Memory used but not reported on Linux
I have 2 servers running the same applications, but one is miss-reporting memory by around 400mb (out of 1GB) and I cannot figure out where that memory is being used. I've compared the output of /proc/meminfo
and top
between both servers and they report very similar memory usage (process wise), but one one has around 400 less memory available.
As a comparison, this is the output of free on this server and the other, where it shows a ~450mb of ram difference.
# Server with missing memory
total used free shared buff/cache available
Mem: 957 707 85 0 164 107
Swap: 0 0 0
# Other server, looking good
total used free shared buff/cache available
Mem: 953 224 210 0 518 553
Swap: 0 0 0
Here's the output of /proc/meminfo
$ cat /proc/meminfo
MemTotal: 980756 kB
MemFree: 89020 kB
MemAvailable: 108824 kB
Buffers: 32440 kB
Cached: 96944 kB
SwapCached: 0 kB
Active: 196416 kB
Inactive: 61448 kB
Active(anon): 128888 kB
Inactive(anon): 124 kB
Active(file): 67528 kB
Inactive(file): 61324 kB
Unevictable: 0 kB
Mlocked: 0 kB
SwapTotal: 0 kB
SwapFree: 0 kB
Dirty: 656 kB
Writeback: 0 kB
AnonPages: 128488 kB
Mapped: 57032 kB
Shmem: 524 kB
Slab: 78228 kB
SReclaimable: 37016 kB
SUnreclaim: 41212 kB
KernelStack: 2896 kB
PageTables: 7956 kB
NFS_Unstable: 0 kB
Bounce: 0 kB
WritebackTmp: 0 kB
CommitLimit: 490376 kB
Committed_AS: 1099792 kB
VmallocTotal: 34359738367 kB
VmallocUsed: 0 kB
VmallocChunk: 0 kB
HardwareCorrupted: 0 kB
AnonHugePages: 0 kB
ShmemHugePages: 0 kB
ShmemPmdMapped: 0 kB
CmaTotal: 0 kB
CmaFree: 0 kB
HugePages_Total: 0
HugePages_Free: 0
HugePages_Rsvd: 0
HugePages_Surp: 0
Hugepagesize: 2048 kB
DirectMap4k: 444392 kB
DirectMap2M: 575488 kB
DirectMap1G: 0 kB
And the output of top (sorted by memory usage)

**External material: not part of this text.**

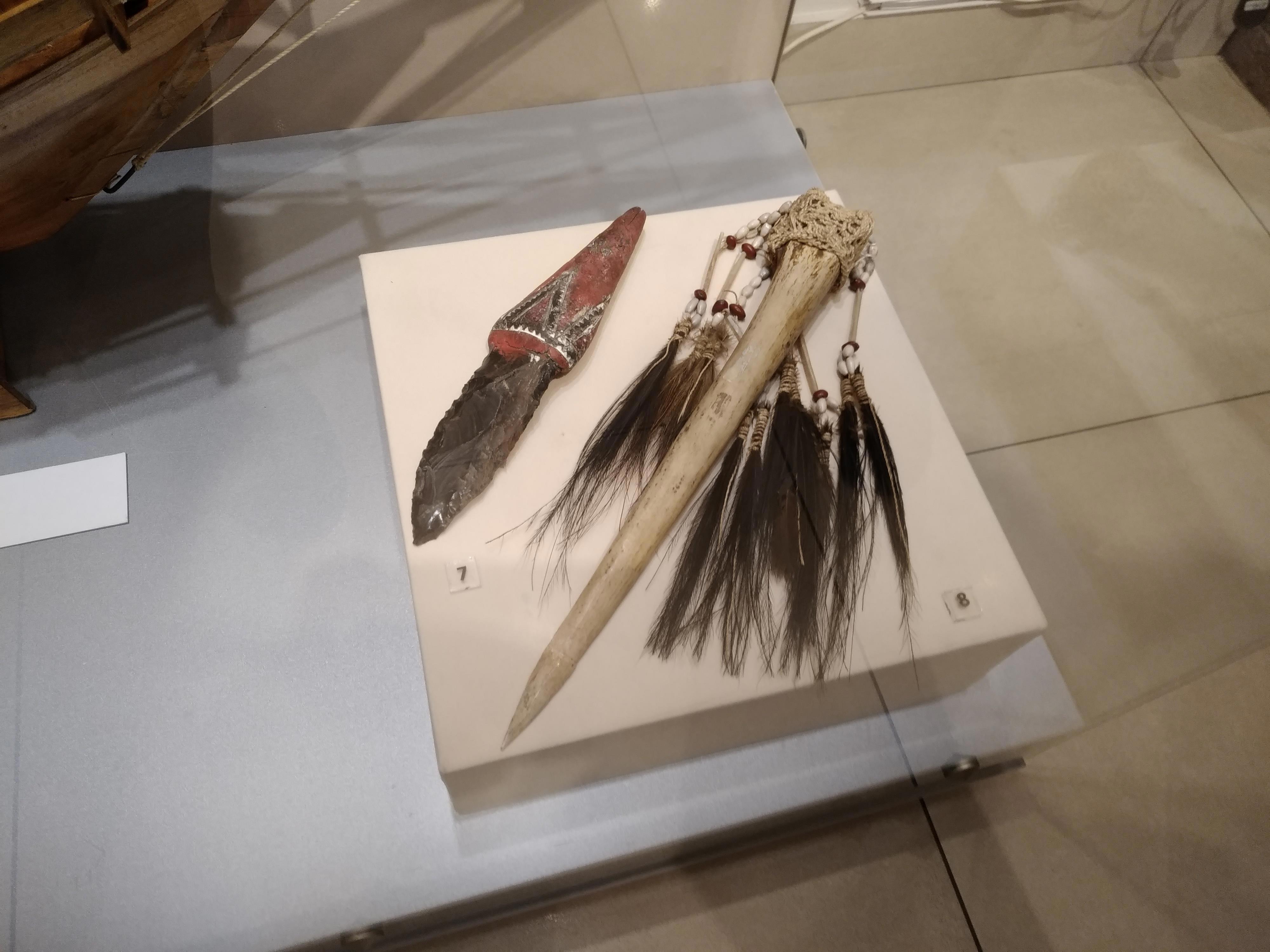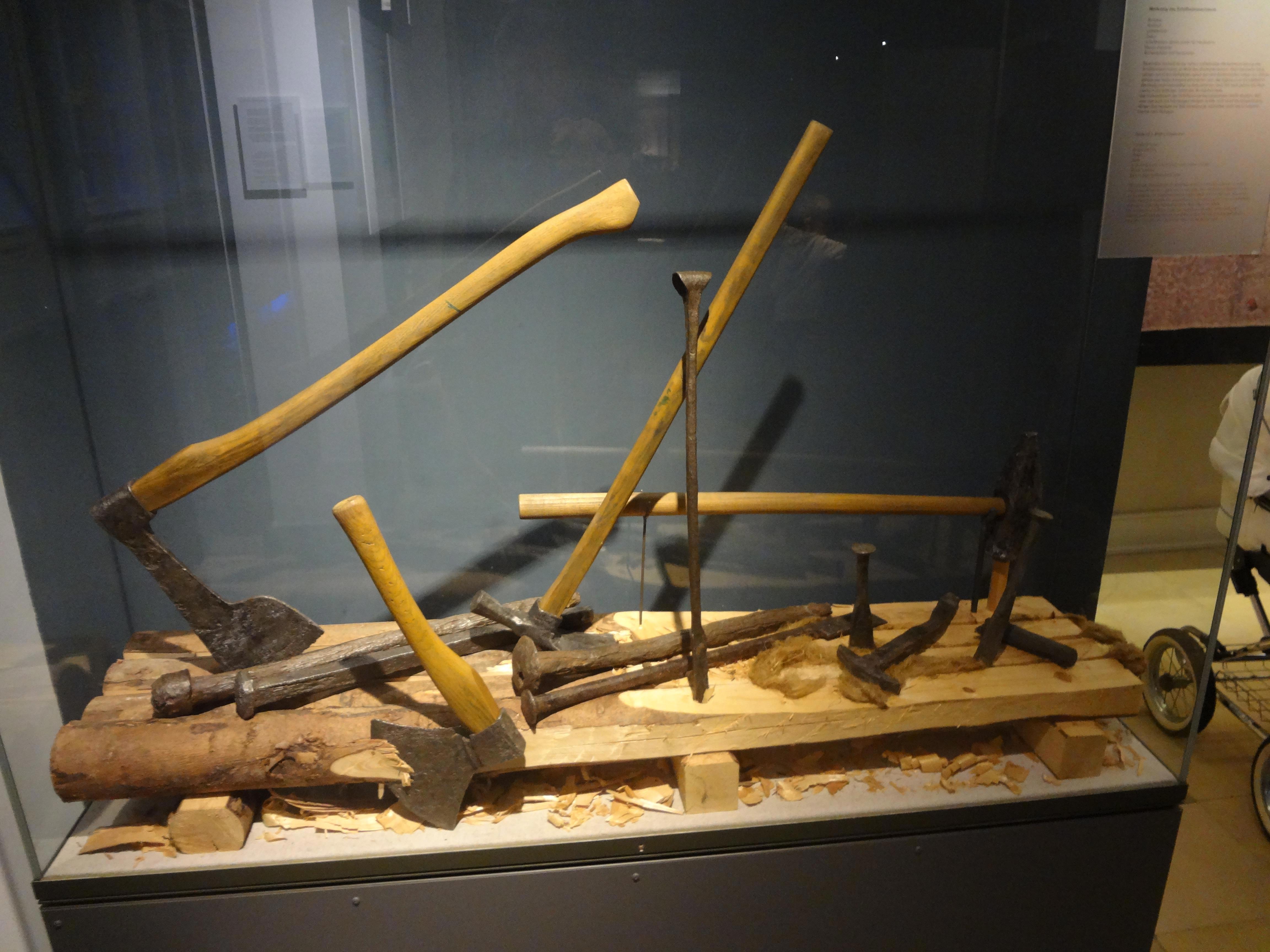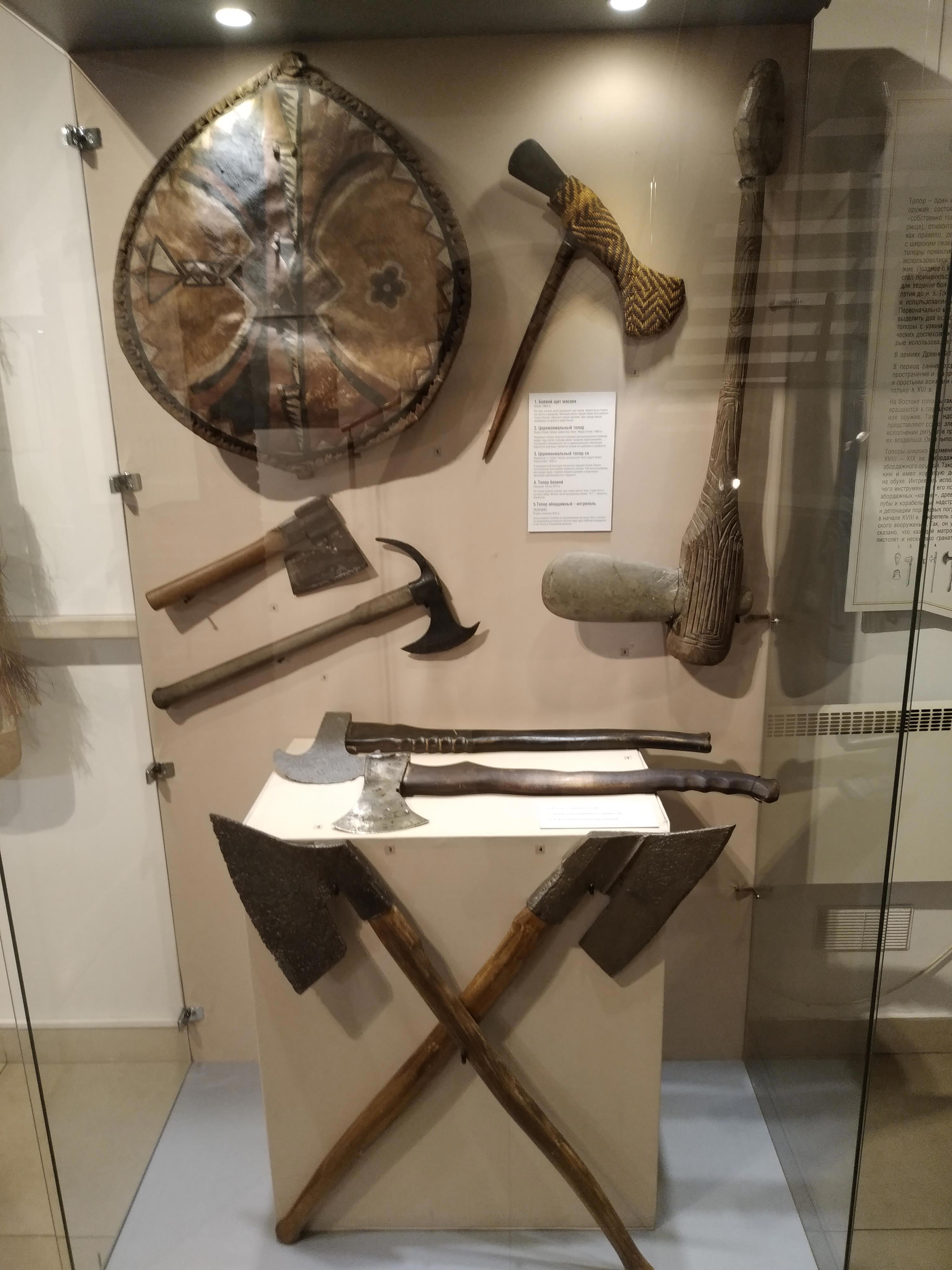 Пиратство и абордажи родились вместе с мореплаванием. Наверху щит и пара каменных топоров - ниже более поздние. Жуткого вида секиры в самом низу - обозначены как плотницкий инструмент двойного назначения, что удивило.
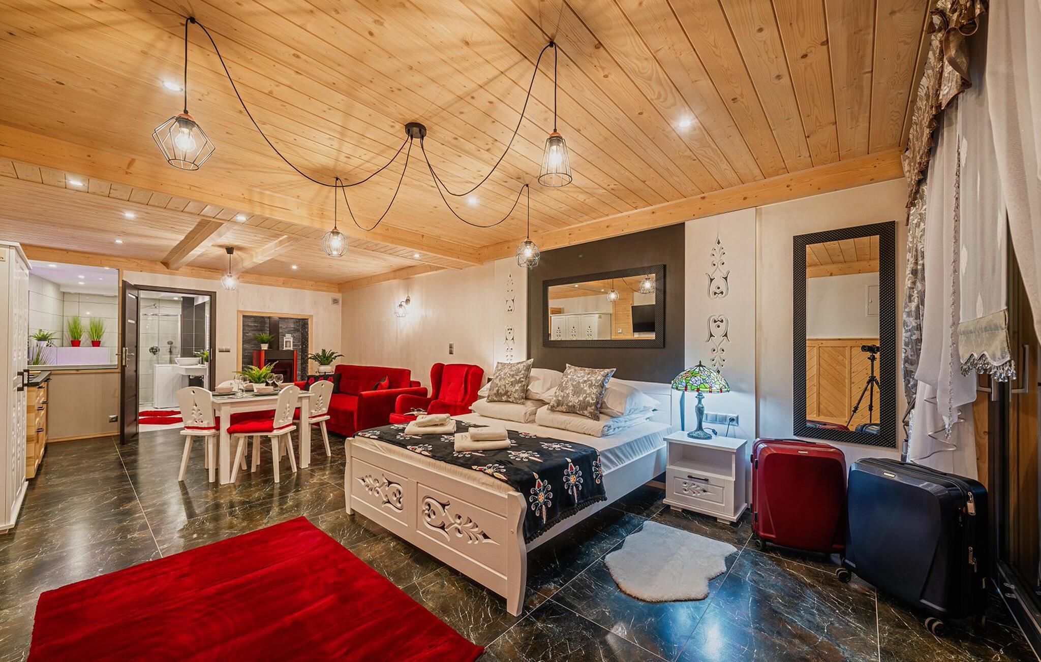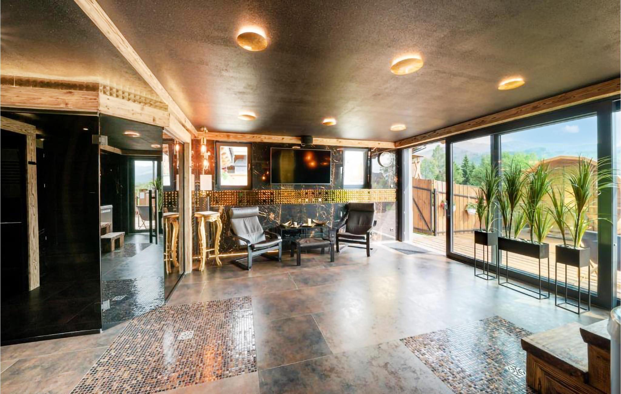 Die Erdgeschosswohnung bietet Platz für bis zu 4 Personen mit direktem Zugang zum Garten (Terrassenmöbel, Liegestuhl), mit zentralem Blick auf die Westliche Tatra. Der Eingang zur Wohnung erfolgt über die Haupttreppe. Im Rahmen des Aufenthalts steht den Gästen ein kompletter Wellnessbereich, ein Spielplatz für Kinder, eine Aussichtsplattform mit ein Grill, eine Aussichtsplattform mit Liegestühlen und Schaukeln, ein Billardraum und ein Parkplatz zur Verfügung. Im Sommer können Sie kostenlos Fahrräder nutzen.

top - 09:35:16 up 706 days, 11:49, 1 user, load average: 0.15, 0.03, 0.01
Tasks: 124 total, 1 running, 82 sleeping, 0 stopped, 0 zombie
%Cpu(s): 0.0 us, 0.2 sy, 0.0 ni, 99.8 id, 0.0 wa, 0.0 hi, 0.0 si, 0.0 st
KiB Mem : 980756 total, 87896 free, 726108 used, 166752 buff/cache
KiB Swap: 0 total, 0 free, 0 used. 108060 avail Mem
PID USER PR NI VIRT RES SHR S %CPU %MEM TIME+ COMMAND
6348 ubuntu 20 0 582484 35120 13156 S 0.0 4.1 0:07.42 node
14394 root 20 0 439088 19760 2692 S 0.3 3.0 695:53.01 python
2557 root 19 -1 124824 19424 7956 S 0.0 2.0 75:05.85 systemd-journal
24174 ubuntu 20 0 25932 7904 3384 S 0.0 0.8 0:00.08 bash
724 root 20 0 170944 7844 12 S 0.0 0.8 0:00.15 networkd-dispat
24089 root 20 0 107988 6820 5820 S 0.0 0.7 0:00.01 sshd
14402 root 20 0 35268 5960 1952 S 0.0 0.6 7:38.52 python
14404 root 20 0 34748 5520 2060 S 0.0 0.6 6:34.19 python
14403 root 20 0 33512 5000 1684 S 0.0 0.5 0:57.69 python
24173 ubuntu 20 0 108344 4672 3548 S 0.3 0.5 0:00.04 sshd
14407 root 20 0 33508 4408 1104 S 0.0 0.4 0:35.97 python
14408 nobody 20 0 35616 4388 1000 S 0.0 0.4 1:54.36 python
1 root 20 0 225416 4348 1876 S 0.0 0.4 3:45.45 systemd
704 root 20 0 71304 4032 2500 S 0.0 0.4 0:56.31 systemd-logind
24594 ubuntu 20 0 42240 3656 2984 R 0.0 0.4 0:00.02 top
And the output of mount | grep tmp
to show the any memory used by these filesystems. The main filesystem is ext4 (so no XFS)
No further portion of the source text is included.